Data section -

[Start of section]

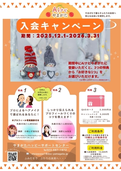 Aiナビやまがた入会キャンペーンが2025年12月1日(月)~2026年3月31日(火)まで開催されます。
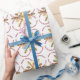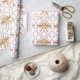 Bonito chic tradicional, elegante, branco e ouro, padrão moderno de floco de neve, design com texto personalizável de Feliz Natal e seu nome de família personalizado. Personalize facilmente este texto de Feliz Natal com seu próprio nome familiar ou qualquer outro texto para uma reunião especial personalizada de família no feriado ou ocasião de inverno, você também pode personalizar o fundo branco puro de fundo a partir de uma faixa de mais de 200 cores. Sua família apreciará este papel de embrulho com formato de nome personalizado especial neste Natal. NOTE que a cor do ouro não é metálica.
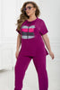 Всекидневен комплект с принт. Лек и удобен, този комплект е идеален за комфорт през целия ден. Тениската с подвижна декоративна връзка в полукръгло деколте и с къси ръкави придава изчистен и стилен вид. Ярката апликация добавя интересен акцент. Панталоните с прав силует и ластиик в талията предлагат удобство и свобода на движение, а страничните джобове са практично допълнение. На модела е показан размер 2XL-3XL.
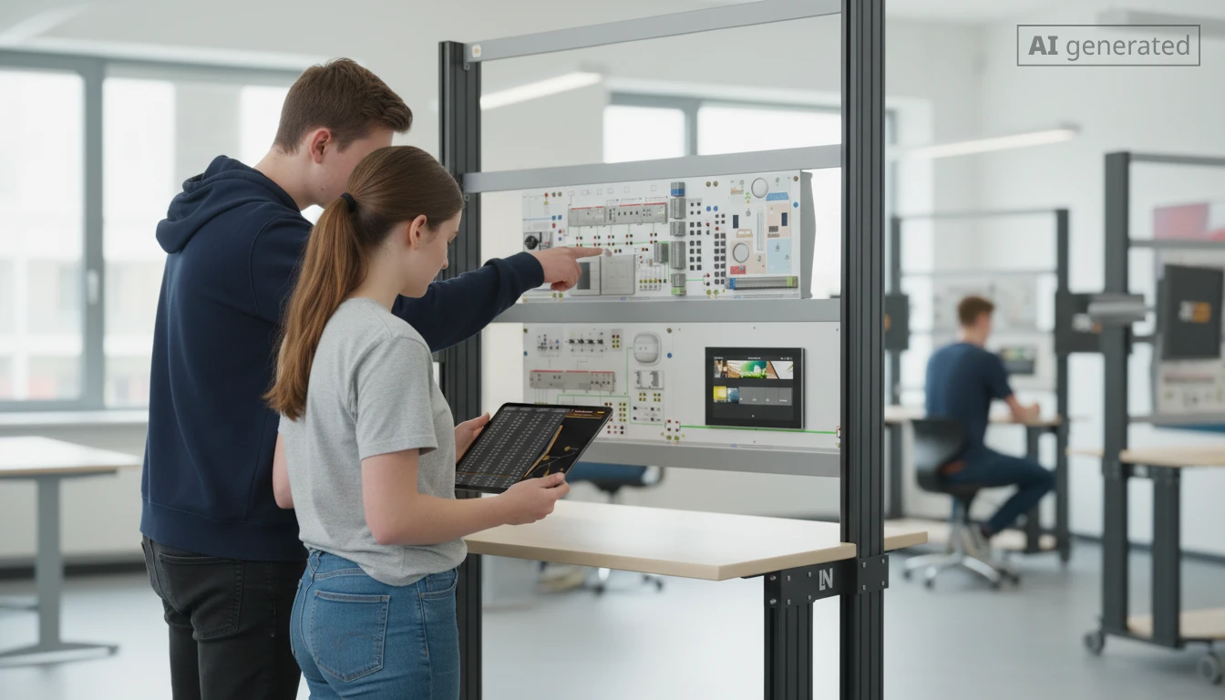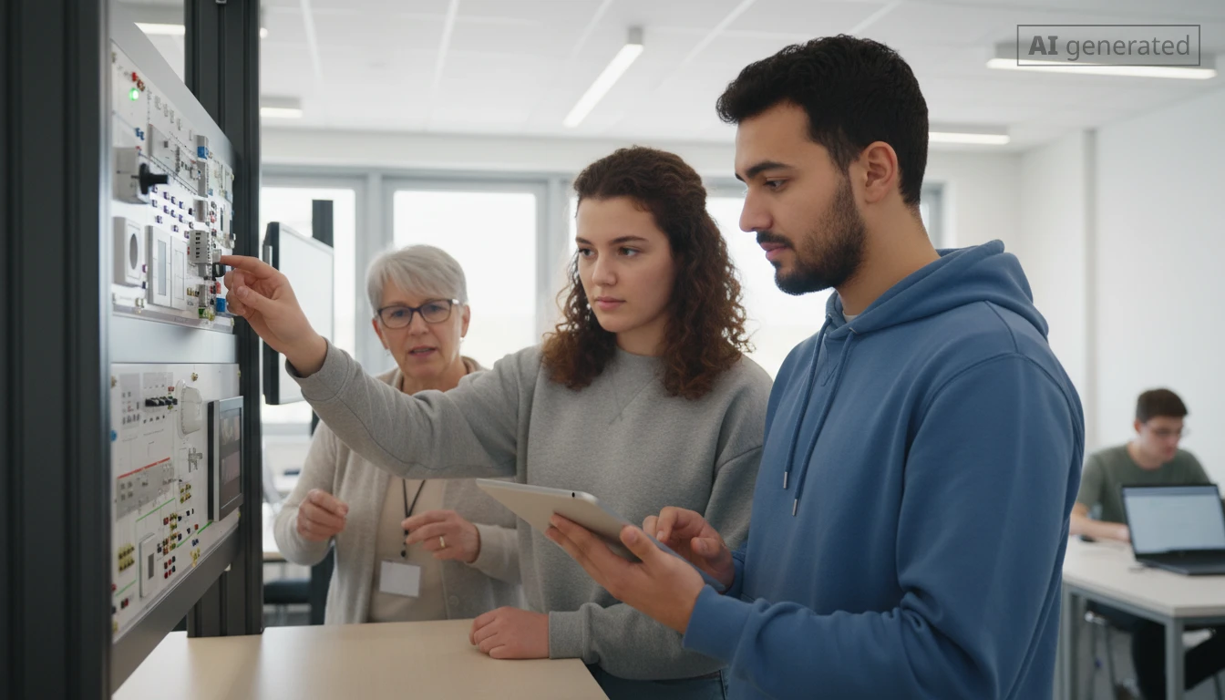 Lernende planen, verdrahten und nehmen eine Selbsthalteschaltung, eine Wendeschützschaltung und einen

[End of section]

Exercise brief -
Range to copy from the listing above: the line containing "Bonito chic tradicional, elegante, branco" down to the line containing "Всекидневен комплект с", both included. Reproduce it exactly, minus the pictures, and add nothing.

Solved problem -
 Bonito chic tradicional, elegante, branco e ouro, padrão moderno de floco de neve, design com texto personalizável de Feliz Natal e seu nome de família personalizado. Personalize facilmente este texto de Feliz Natal com seu próprio nome familiar ou qualquer outro texto para uma reunião especial personalizada de família no feriado ou ocasião de inverno, você também pode personalizar o fundo branco puro de fundo a partir de uma faixa de mais de 200 cores. Sua família apreciará este papel de embrulho com formato de nome personalizado especial neste Natal. NOTE que a cor do ouro não é metálica.
 Всекидневен комплект с принт. Лек и удобен, този комплект е идеален за комфорт през целия ден. Тениската с подвижна декоративна връзка в полукръгло деколте и с къси ръкави придава изчистен и стилен вид. Ярката апликация добавя интересен акцент. Панталоните с прав силует и ластиик в талията предлагат удобство и свобода на движение, а страничните джобове са практично допълнение. На модела е показан размер 2XL-3XL.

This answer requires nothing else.